Student protests against government education policies remain on the ropes

By Illimani Patiño November 11, 2018
Education protests

Photo: Franziska Bujara

After over a month and a half on the streets, leaders of the main student organisations negotiating with the Ministry of Education are struggling to maintain the ongoing protests against the government’s education policies. Crowded assemblies, internal disputes and pressure from the deans and parents are starting to weaken the movement’s momentum.

The movement started when teachers protested at the end of September, denouncing how the the most recent tax reform would affect their wages. This triggered unified support from both deans and students who hadn’t been able to summon a common goal for almost eight years–a joint effort reflected in the hugely successful attendance of the 10th of October march. That march brought around 200,000 people together in the capitals of the 32 Colombian departments, including students from private universities and celebrities.

According to the state university system, public universities currently have an operational deficit of COP$1.4 trillion and an infrastructure deficit of COP$15 trillion. Students are asking for at least COP$3.2 trillion for the rest of the year and a new education law that would reverse the growing deficit for the foreseeable future.

At this point, more than 16 public universities were on strike and student leaders were calling on the government to restart negotiations. But this is where problems first arose as a dispute began over who would be the negotiators and public representatives; a dispute that divided the student movement. On the one side, student representatives of all universities were summoned to the Colombian Association of Student Representatives (ACREES) while independent students were summoned to the National Union of Students (UNEES).

It appears as if both groups have similar goals. ACREES demands COP$3.2 trillion while UNEES demands COP$4.5 trillion for solving the universities’ deficit, but UNEES considers that ACREES doesn’t have any legitimacy and insists that all the decisions must be taken within the assemblies.

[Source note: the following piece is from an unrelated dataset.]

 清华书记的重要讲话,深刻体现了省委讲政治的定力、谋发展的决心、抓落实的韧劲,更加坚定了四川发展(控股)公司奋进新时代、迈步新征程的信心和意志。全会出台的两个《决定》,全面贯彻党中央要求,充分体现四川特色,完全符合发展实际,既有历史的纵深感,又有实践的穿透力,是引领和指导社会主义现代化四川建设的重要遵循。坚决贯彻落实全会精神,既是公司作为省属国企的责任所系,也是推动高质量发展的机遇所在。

Ser pilo will no longer pay

Although both groups are in the same team when seated at the negotiating table, the UNEES rejects ACREES leadership.The talks have been fraught with tension, so much so that Alejandro Palacio, president of the ACREES and student representative of the National University, told The Bogotá Post that he was anonymously threatened by students.

What is the government’s strategy?

Iván Duque has postponed talks with the students and he is yet to meet them. He had enough support in the Congress to pass the 2019 public budget without adding a significant amount to public universities, despite pressure from the students, teachers, deans and opposition parties.

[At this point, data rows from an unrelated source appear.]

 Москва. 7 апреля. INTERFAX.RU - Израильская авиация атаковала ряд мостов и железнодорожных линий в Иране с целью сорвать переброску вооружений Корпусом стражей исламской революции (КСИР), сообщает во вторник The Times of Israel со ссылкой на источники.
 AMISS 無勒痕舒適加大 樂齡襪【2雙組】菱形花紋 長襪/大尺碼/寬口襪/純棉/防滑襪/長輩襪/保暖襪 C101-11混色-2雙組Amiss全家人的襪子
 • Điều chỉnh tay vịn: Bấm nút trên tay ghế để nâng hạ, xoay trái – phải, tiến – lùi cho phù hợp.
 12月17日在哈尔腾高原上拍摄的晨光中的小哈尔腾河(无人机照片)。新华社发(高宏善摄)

Two weeks later, President Duque agreed with the deans for an additional COP$ 530 billion over the course of four years to the budget of 61 higher education institutions, far from the amount demanded by the students. As a result, the protests continued.

This deeply divided the student community, who are beginning to question whether it’s worth continuing a strike that could potentially end in a semester cancellation. Dolly Montoya, Dean of the National University, threatened her students with a semester cancellation if they didn’t stop striking this week.

Last Thursday, students marched with workers and school teachers with a joint goal: more funding for education and less taxes, as a new tax reform is being debated in Congress. The march ended in the use of tear gas by police and a sense of fear among the protesters.

Student leaders seem to be running out of time and many believe that the president hasn’t shown political will to discuss the future of education with them. Inside their movement, a small proportion of students have already started to clash violently with the police and destroying public and private property.

Next week will be a key moment for showing whether the student movement is still strong enough to continue the strike, given  all the external pressure. According to Alejandro Palacio, Thursday’s demonstration showed that the movement still has huge momentum and he hopes that the president will finally hear the students claim and sit down to negotiate soon.